Foo Fighters – ‘Sonic Highways’

Dave Grohl's love letter to American music delivers few surprises but plenty of fist-pumping rock'n'roll

After 2011’s chart-topping ‘Wasting Light’ reaffirmed Foo Fighters’ status as one of the planet’s biggest bands after four years away, Dave Grohl realised that he had “licence to get weird” on its follow-up. “If we wanted,” he told Billboard in May, “we could make some crazy, bleak Radiohead record and freak everyone out. Then I thought, ‘Fuck that.’” Quelle surprise, you might say: whereas Grohl’s previous band were iconoclasts who tried to tear down the golden calf of classic rock-ism, the Foos have always seemed happy to embrace it. For their eighth album, they’ve done the most classic rock thing imaginable, recording each track in a different American city, using iconic studios where musical history – and other classic rock albums – were made, including Arlington’s Inner Ear (Minor Threat, Fugazi), New York’s Magic Shop (Ramones, Sonic Youth), and LA’s Rancho de la Luna (QOTSA, Arctic Monkeys).

That’s a nice pitch for the HBO travelogue documenting the recording process – which premiered last month on US TV – but its bearing on the songs themselves is pretty minimal. ‘Sonic Highways’ has been billed as a Kerouacian quest into the musical heart of America, but beyond the inherent Bono-ness of that idea, in its marrow, it remains a fairly orthodox Foo Fighters record. There are lyrical allusions to people and places (Muddy Waters, Nashville’s Bluebird Cafe, Roky Erickson), and listening to the heart-on-sleeve bombast of ‘Congregation’ (recorded in Nashville, home of gospel) you can imagine Grohl’s voiceover earnestly explaining how music is a church and we’re all its congregation, but any exploration of the sounds of those people and places is mostly absent. When it comes to making music, location matters, but only up to a point, and ‘Sonic Highways’ can sometimes resemble a guidebook about a vast American cultural tapestry, related through the somewhat reductive medium of power chords.

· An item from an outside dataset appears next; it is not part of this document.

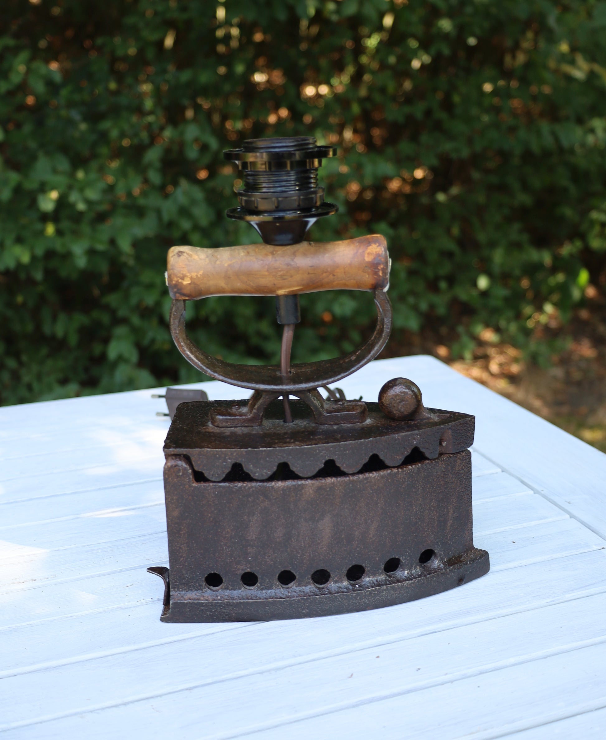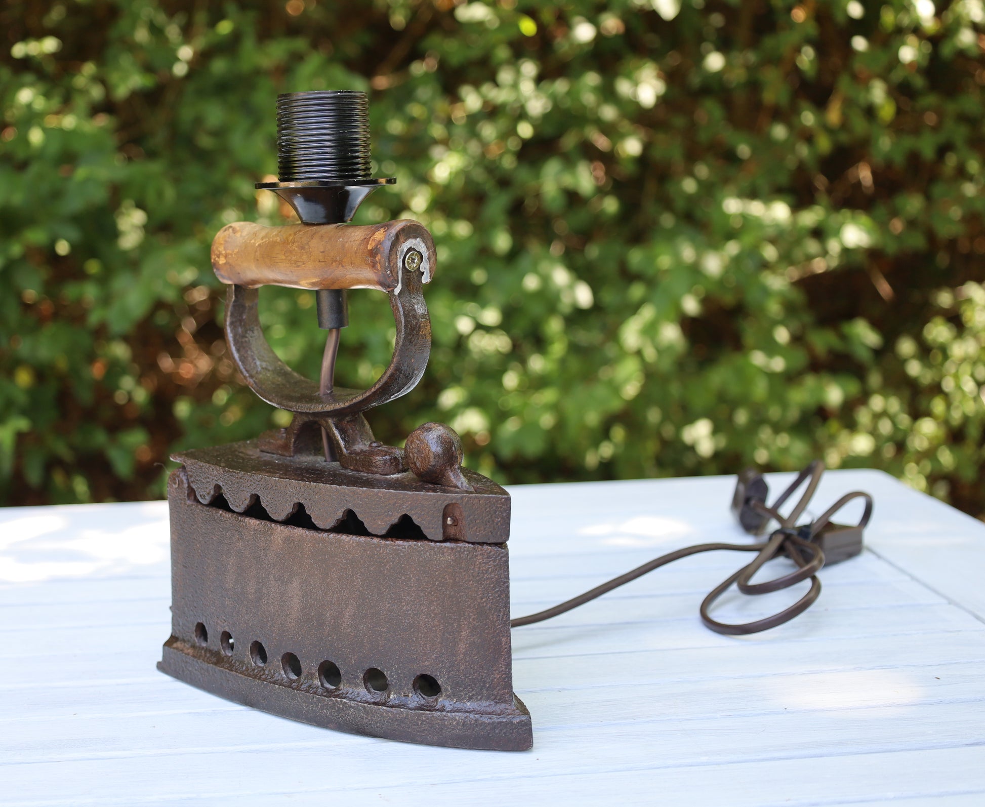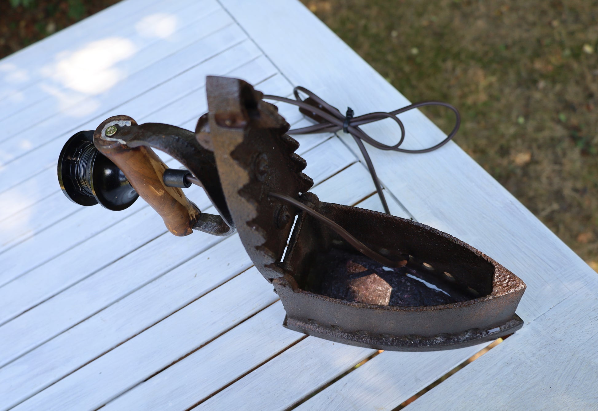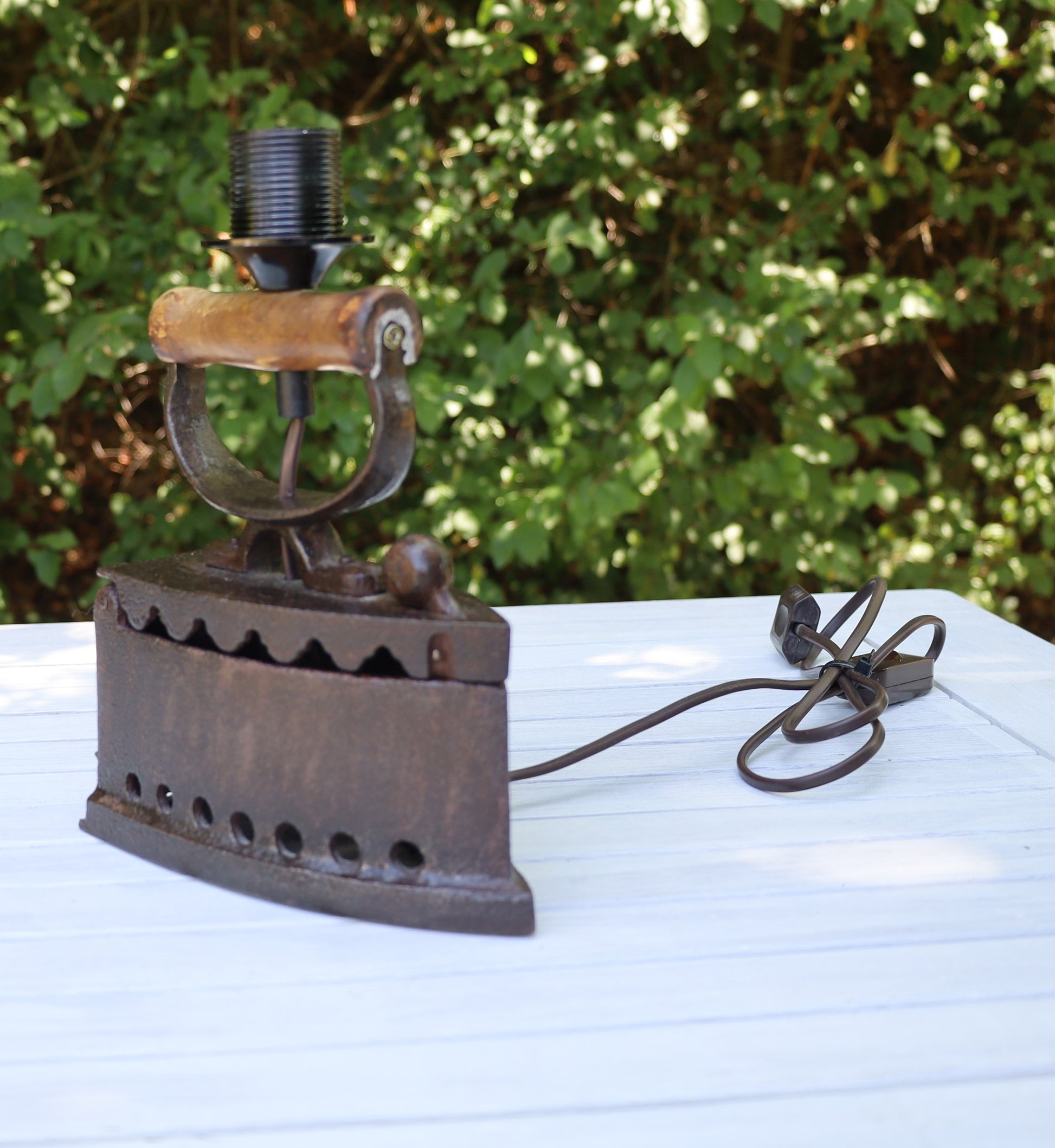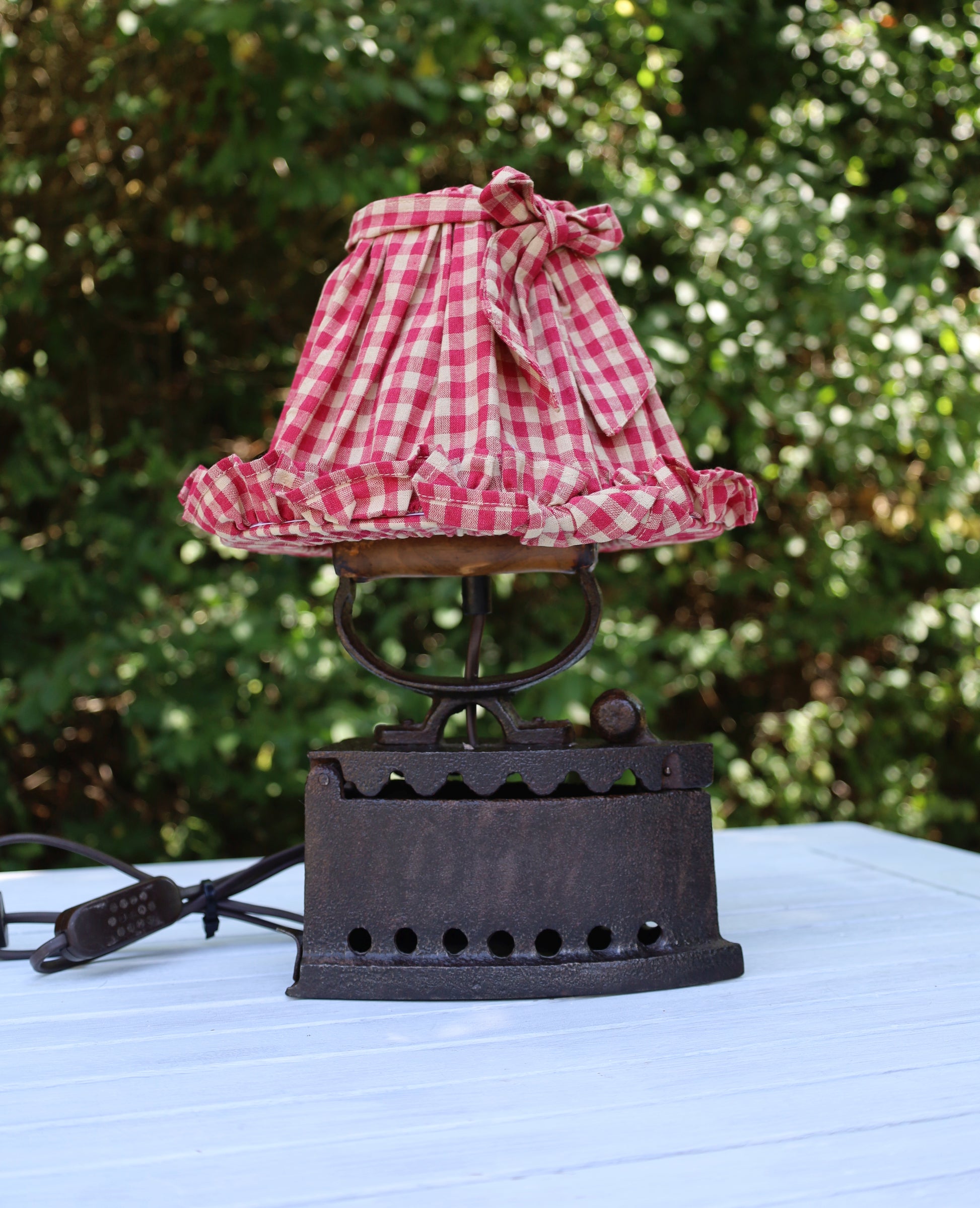 Tischleuchte aus altem Bügeleisen mit rotkariertem Lampenschirm

Still, as a crowd-pleasing stadium-rock record, it largely delivers. ‘Something From Nothing’ is an archetypal lead single in the mould of ‘Best Of You’ or ‘The Pretender’, accelerating from slowburn introspection to Grohl’s eventual ursine roar of “Fuck it all, I came from nothing”. Elsewhere, the contemplative ‘Subterranean’ – recorded in the Seattle studio where the first Foo Fighters session took place in 1994 – finds him reflecting on the grunge era and his own anxieties about moving on from it. Best of all are ‘The Feast And The Famine’ – whose stop-start riff and Bowie-does-Dischord chorus kick like a particularly ornery mule – and the climactic ‘I Am A River’, one of those wilfully grandiose panoramas whose working title was probably always ‘Album Closer’.

At eight songs long, however, it’s not just the Foos’ shortest record, but in some ways their slightest. It may not be a ‘soundtrack album’ as such, but it seems oddly beholden to its central concept and the number of episodes in the accompanying TV series. When two of those songs – the meandering ‘Outside’ and the merely-perfunctory ‘In The Clear’ – feel like they’re marking time, you find yourself wishing they’d stopped off in Portland, Kansas City, San Francisco or any number of other locales that might’ve resulted in a few more tunes. The old proverb holds that it’s the journey, not the destination, that counts, but for ‘Sonic Highways’, it’s a little bit of both. While the journey isn’t quite as as spectacular as you’d hope, the destination is reassuringly familiar: Foo Fighters making fist-pumping rock’n’roll.